Let L be the line with parametric equations
x = 1−2t
y = 3+3t
z = −1−3t
Find the shortest distance d from the point P0=(1, −4, −2) to L, and the point Q on L that is closest to P0. Use the square root symbol '√' where needed to give an exact
value for your answer.
Find
d=?
Q=(_,_,_)
This is easiest with vectors, as discussed here:
http://math.stackexchange.com/questions/371649/distance-of-a-3d-point-from-the-parametric-form-of-a-line
Using the distance formula and calculus is a bit more involved.
or
http://geomalgorithms.com/a02-_lines.html
To find the shortest distance between a point and a line in three-dimensional space, we can use vector projection.
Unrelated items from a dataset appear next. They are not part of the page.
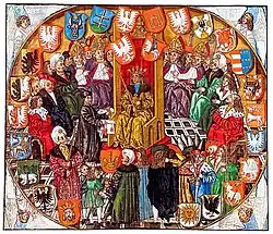 Чтобы заручиться поддержкой городенцев, Ягайло в 1391 году даёт городу первый привилей на самоуправление по Магдебургскому праву и укрепляет гарнизон крепости отрядом польских воинов. Но когда Витовт вместе с союзными крестоносцами во главе с Конрадом Валленродом[40] подошёл к городу, городенские воины закрыли польских солдат в башне и сдали крепость. За помощь в борьбе с Ягайло, Витовт позволяет крестоносцам построить в своих владениях три замка: Нойгартен, Метенбург и Ритенсведер[46].
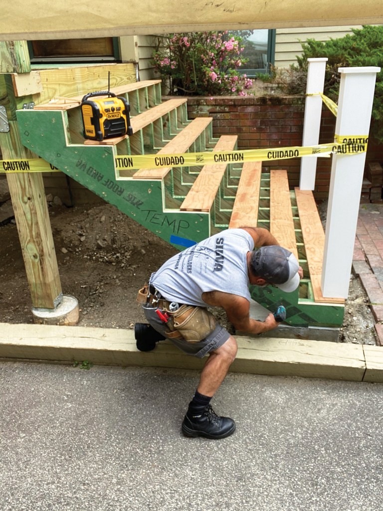 To satisfy the zoning permit, the new porch and stairs had to fit the existing footprint.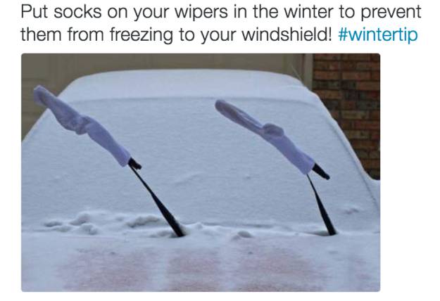 ➄ Use an old pair of socks on your windshield wipers to prevent them from freezing and sticking to your windshield overnight.

Step 1: Find a vector parallel to the line L.
The direction vector of the line L can be obtained by taking the coefficients of t in the parametric equations. In this case, the direction vector is given by:
d = <coefficient of t in x, coefficient of t in y, coefficient of t in z>
= <-2, 3, -3>
Step 2: Find a vector between any point on the line L and the given point P0.
We can pick any point on the line L to find a vector between that point and P0. Let's use the point on L when t=0:
P = <1-2(0), 3+3(0), -1-3(0)>
= <1, 3, -1>
Now, we can find the vector between P0 and P:
v = P0 - P
= <1, -4, -2> - <1, 3, -1>
= <0, -7, -1>
Step 3: Project v onto the direction vector d.
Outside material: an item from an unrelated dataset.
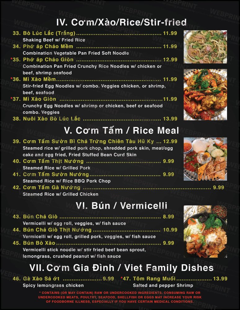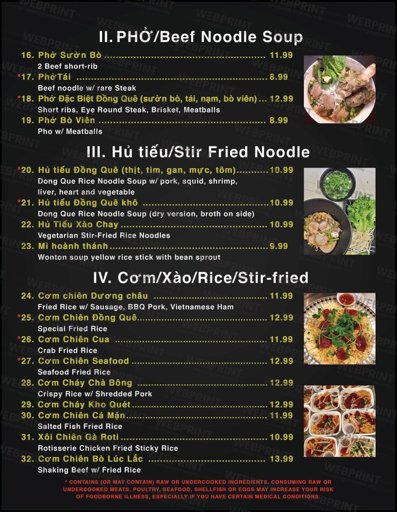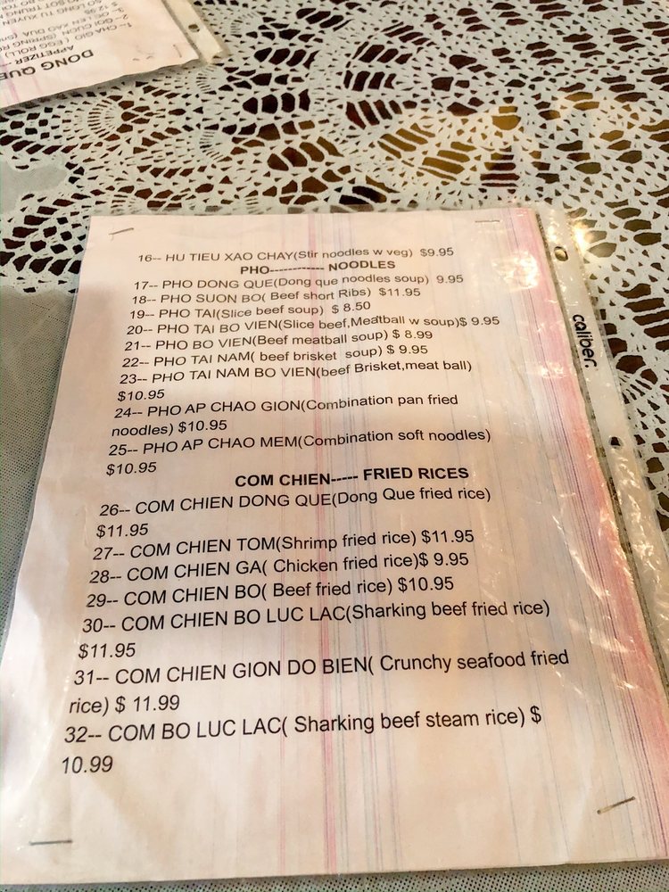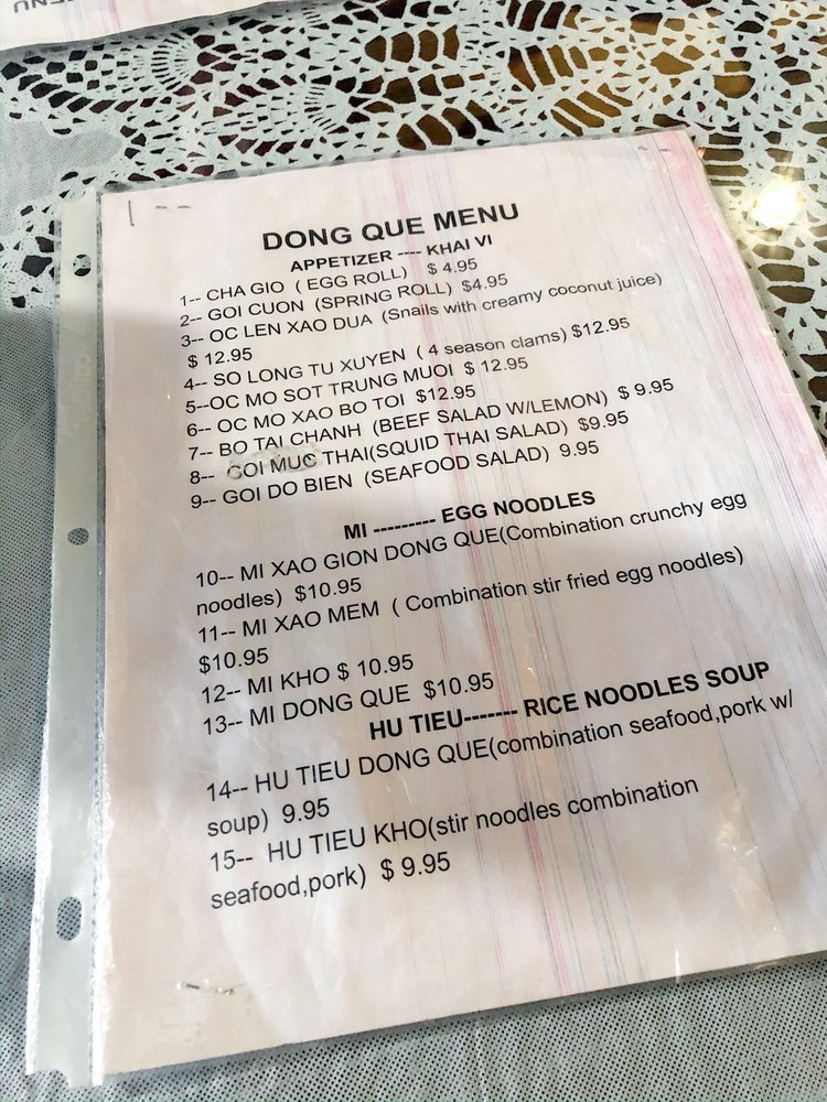 Dong Que, a Vietnamese soup restaurant located in Peoria, AZ, offers a delectable menu showcasing authentic flavors. From the crispy fried squid head to the flavorful beef noodles soup, Dong Que's menu caters to all tastes. The Banh Xeo, a Vietnamese panfried crepe, stands out with its mix of shrimp, pork, and bean sprouts. The Egg noodles soup with minced pork, squid, and shrimp provides a comforting and satisfying meal. Customers rave about the service, quality, and variety of dishes, making Dong Que a must-visit for Vietnamese cuisine enthusiasts. The restaurant's ambiance is clean and inviting, creating a pleasant dining experience. With reasonable prices and generous portion sizes, Dong Que truly impresses with its dedication to authentic Vietnamese flavors.

The projection of v onto d can be calculated using the dot product of the two vectors:
proj_d(v) = (v · d) / ||d||^2 * d
Where ||d|| represents the magnitude of the vector d.
Let's compute the projection:
||(d)|| = √((-2)^2 + 3^2 + (-3)^2)
= √(4 + 9 + 9)
= √(22)
(v · d) = <0, -7, -1> · <-2, 3, -3>
= (0 * (-2)) + (-7 * 3) + (-1 * (-3))
= -6 - 21 + 3
= -24
proj_d(v) = (-24) / (22) * <-2, 3, -3>
= <-48/22, 72/22, -72/22>
= <-24/11, 36/11, -36/11>
Step 4: Find the point Q on the line that is closest to P0.
To find Q, we take any point on the line and add the projection vector to it. Let's use the point on L when t=0 as before:
Q = P + proj_d(v)
= <1, 3, -1> + <-24/11, 36/11, -36/11>
= <11/11 - 24/11, 33/11 + 36/11, -11/11 - 36/11>
= (-13/11, 69/11, -47/11)
Step 5: Calculate the distance d between P0 and Q.
The distance can be found using the Euclidean distance formula:
d = √[(x2 - x1)^2 + (y2 - y1)^2 + (z2 - z1)^2]
= √[(-13/11 - 1)^2 + (69/11 - (-4))^2 + (-47/11 - (-2))^2]
= √[(-24/11)^2 + (73/11)^2 + (-35/11)^2]
= √[(576/121) + (5329/121) + (1225/121)]
= √[(576 + 5329 + 1225)/121]
= √[7130/121]
=√[58.851]
Therefore,
d = √[58.851]
Q = (-13/11, 69/11, -47/11)
To find the shortest distance d from the point P0 to the line L, we can use the concept of vector projection. The point Q on the line L, which is closest to P0, can be obtained by finding the point on the line that is perpendicular to the vector formed between P0 and any point on the line L.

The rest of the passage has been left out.